Тут Дима разозлился. Пиво он пил редко, под настроение, и попрекать этим Катя уж никак не имела права. Они и раньше цапались из-за ремонта, но такого накала страстей Дима еще не видел.
- Иди куда хочешь. Проваливай. Гуляй, развлекайся. Видеть тебя не могу.
Дима ушел так хлопнув дверью, что целый пласт штукатурки отвалился откуда-то сверху и рухнул к Катиным ногам.
- Только разрушать и можешь! – крикнула Катя вслед мужу, но он уже не слышал.

Катя заплакала. Посмотрела наверх. Еще один кусок шпаклевки висел на каких-то нитках, готовясь упасть.

«Еще на голову кому-нибудь рухнет», - Катя встала на табурет и стукнула по опасному пласту черенком швабры. Штукатурка осыпалась и на полку антресоли с глухим стуком выпал из стены цементный ком.

«Только этого не хватало» - подумала Катя. – «Уже и стены рушатся.»
Она взяла в руку цементный ком и поразилась его весу. Он был легким, словно цементная оболочка скрывала нечто большее.

«Клад!» - слезы Кати разом высохли, она прижала находку к груди.
«Если это что-то ценное, можно будет продать и сделать, наконец, ремонт. Найму рабочих, чтобы все, как у людей.»

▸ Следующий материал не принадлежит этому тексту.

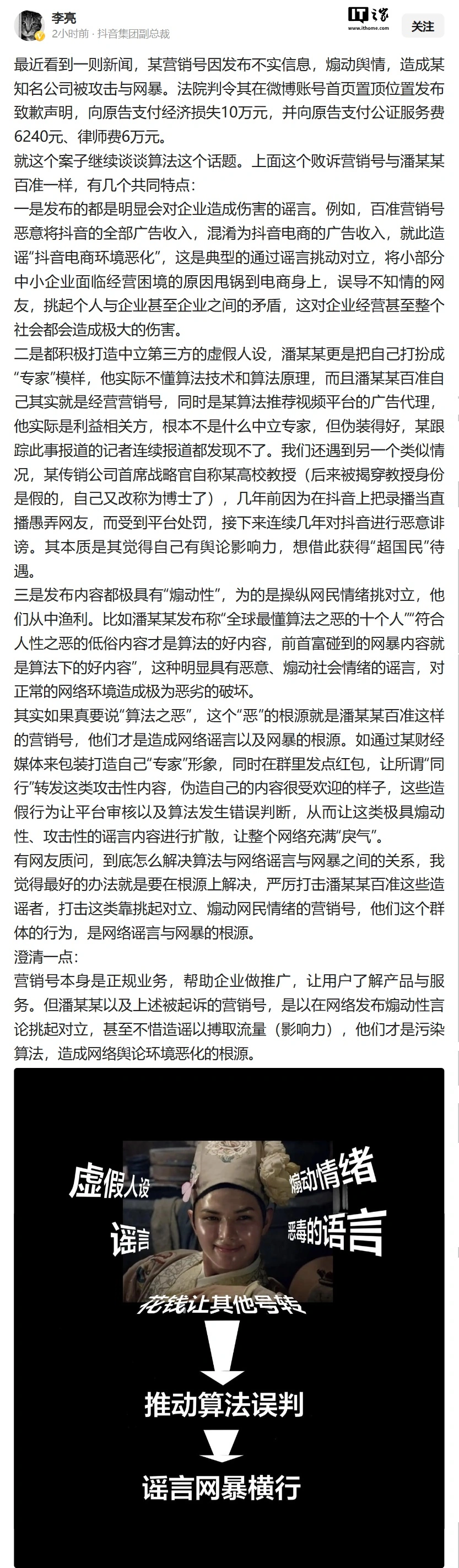 营销号自己是正规业务,匡助企业作念实施,让用户了解居品与做事。但潘某某以及上述被告状的营销号,所以在集结发布煽动性言论挑起对立,致使不吝谴责以搏取流量(影响力),他们才是混浊算法,变成集结公论环境恶化的根源。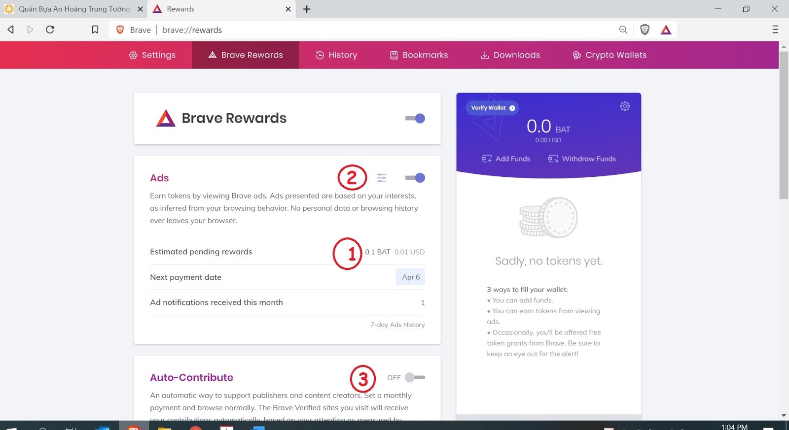 Cô nên vào chỉnh cho nó tăng lên "5 ads per hour" chổ số 2 trong hình anh, và gạt tắt "Auto-Contribute" chổ số 3

В окаменевшей в цементе тряпке оказались завернутыми какие-то бумаги. Плотная пачка, когда-то перетянутая бечевкой.

"Никакого клада", - вздохнула Катя. - "Один мусор. Верно, прежние владельцы спешно заделывали дыру, вот и пихали всякий хлам."

Снаружи листы бумаги слиплись и были сильно подпорчены водой и цементом, но внутри оказались целыми. Бумажки, исписанные карандашом, оказались письмами. Голыми письмами без конвертов и адресов.

Катя поставила чайник и разложила уцелевшие листочки на столе, замелькали даты: сентябрь сорок первого, январь сорок второго, ноябрь сорок третьего...
Катя заварила себе чай и разложила уцелевшие письма по датам.

"Просмотрю пока чай стынет" - подумала она и взяла первый листок. В конце его стояла дата: десятое августа сорок первого года. И подпись: Катерина. Катя вздрогнула и начала читать. У первого письма верх был безнадежно испорчен цементом.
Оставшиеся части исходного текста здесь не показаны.